Загорцы не сопротивлялись, когда их вывели и посадили в фургон без окон. Не сопротивлялись, когда их долго везли по ухабистой дороге и когда вывели к лесной поляне, накрытой маскировочной сеткой. Загорцы знали, чем заканчиваются все пути, и не боялись жертвовать собой.
То, что под сеткой не оказалось жертвенника, загорцев глубоко задело.
— Вы их отпускаете? — заместитель командира резервного левого крыла пятой северной колонны ЯнИнш возмутился так, словно лично брал загорцев в плен. Я длинно вздохнул, поднимая взгляд и принимая вид печального милосердия. Мало того, что ЯнИнш был верзилой, который даже над ариндийским ла'эр возвышался на голову, и имел непонятное никому звание, у него имелось собственное мнение по поводу всего. По поводу разрухи, несоответствия Аринди необходимому образу, управления государством, ограды лагеря военнопленных, погоды, природы и каждого камушка на дороге.
Хора как и всегда встречала мелким дождем и грязью. Чтобы загорцы ехали быстрее и не оборачивались, им даже выдали машину — самую старую и потрепанную.
— Идите. Вы свободны, — я сделал широкий жест, указывая в сторону Загорья. Загорцы прямого посыла не поняли. — Возвращайтесь домой. Вы нам не нужны. Нам не нужны люди, только и умеющие, что ненавидеть все вокруг.
Мне всегда было любопытно, улавливают ли загорцы издевку в "светлейшем Загорье". С них сталось бы принимать это за чистую монету и гордиться.
Загорцы не сказали ни единого лозунга, ни единого катрена, ни единого оскорбления. Мне было их жаль: они единственные, кто действительно помог. Машина с натугой сдвинулась с места и медленно поползла по дороге, поднимающейся к облакам.

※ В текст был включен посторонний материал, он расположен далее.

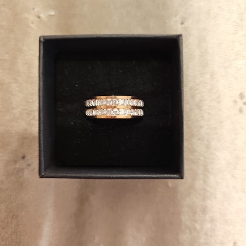 Ruusukullanvärinen sormus. Kolminkertainen. Koko 18,1 (8). Ruostumatonta terästä. Myytävänä myös muualla. Postitus onnistuu myös kirjeenä 2,80e.
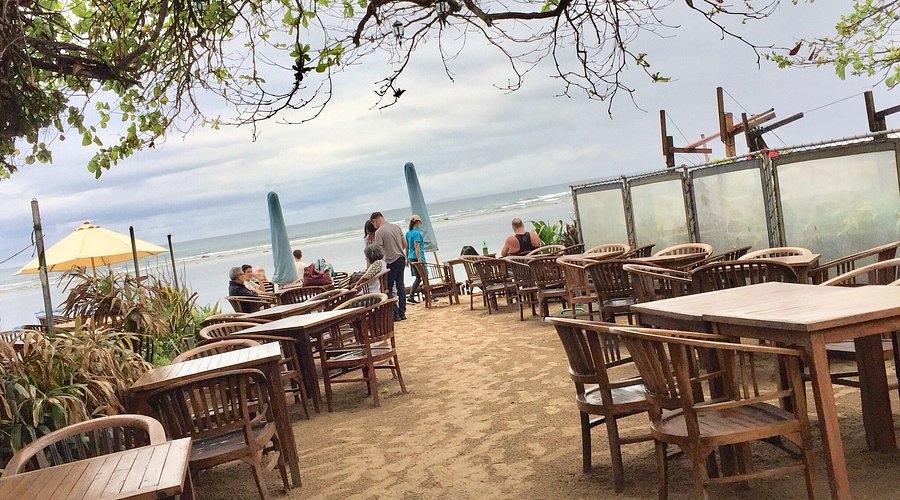 Suasana santai semakin terasa dengan tata letak kafe yang terbuka, memungkinkan pengunjung menikmati angin laut dan suara deburan ombak. Area outdoor yang langsung menghadap pantai memberikan pengalaman bersantai yang menyatu dengan alam. Beberapa gazebo tradisional (bale) disediakan bagi pengunjung yang ingin menikmati privasi atau suasana lebih tenang.
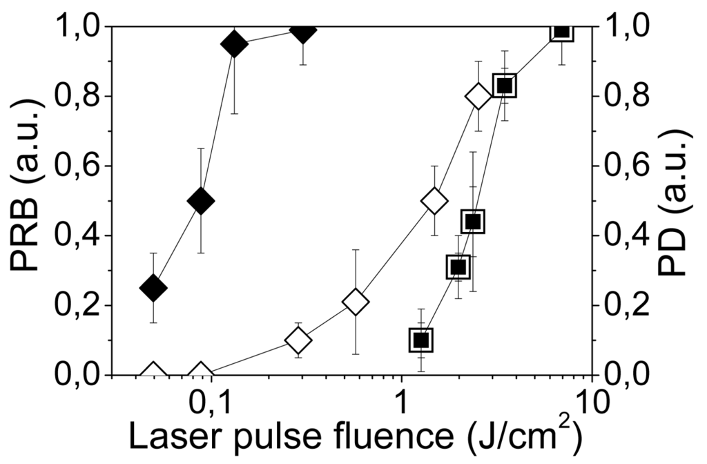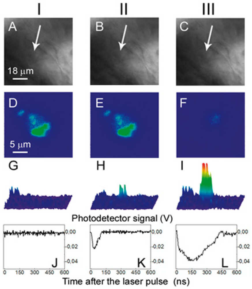 We simultaneously measured the lifetime of the PNB in each irradiated cell as a function of the laser pulse fluence. The lifetime of the non-invasive PNBs was found to be about 5-times shorter than that of the damaging ones (Table 3). This implies a similar difference in the maximal diameters of non-invasive and damaging PNBs. We consider that the maximal diameter of a PNB plays a major role in cell damage: small PNBs do not damage the cell, while an increase in PNB size by several times induces almost immediate disruption of the cellular membrane and skeleton as was revealed with electron scanning microscopy.
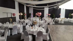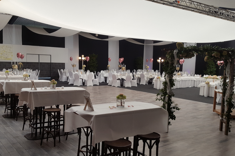Unsere Eventhalle bietet Platz von 80 bis für bis zu ca. 350 Personen. Wir können unsere Halle jeder Personenanzahl anpassen, sodass der Raum nicht zu groß oder zu klein wirkt!
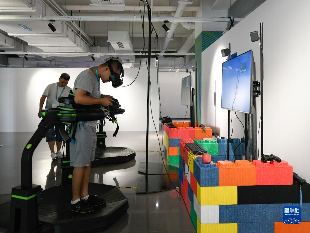 7月14日,媒體工作人員在成都大運會主媒體中心休閑娛樂區(qū)內(nèi)體驗VR游戲。

Внизу, в долине, скопилось несколько десятков машин. Часть северян возвращалась на родину. Они не верили, что их отпускают, до тех пор, пока я не освободил загорцев. Подавленность висела над побежденными как густой туман. Идеалы и цели оказались ложью; возвращение было бесславным.
— В плену загорцы... граждане долин Лонн не выживут. Но, боюсь, я все равно не смогу их спасти, — я расстроенно покачал головой, вновь обращаясь к ЯнИншу. — Когда они достигнут пограничного обелиска, то покончат с собой. Загорье не позволяет вернуться тем, кто прикоснулся к скверне. Даже если это люди, спасшие мир. Таковы традиции.
Мы все знали, что творится в Загорье; споры, стоит ли вмешиваться, в светлой гильдии не прекращались. Но если мы считаем, что мы вправе решать за другую страну, что ей хорошо, а что плохо, и посылать ради причинения добра боевые отряды — за что же корить само Загорье или Северную коалицию?
— Это неправильно, — теперь ЯнИнш смотрел на север новым взглядом, и в его эмоциях вновь зрела непоколебимая определенность.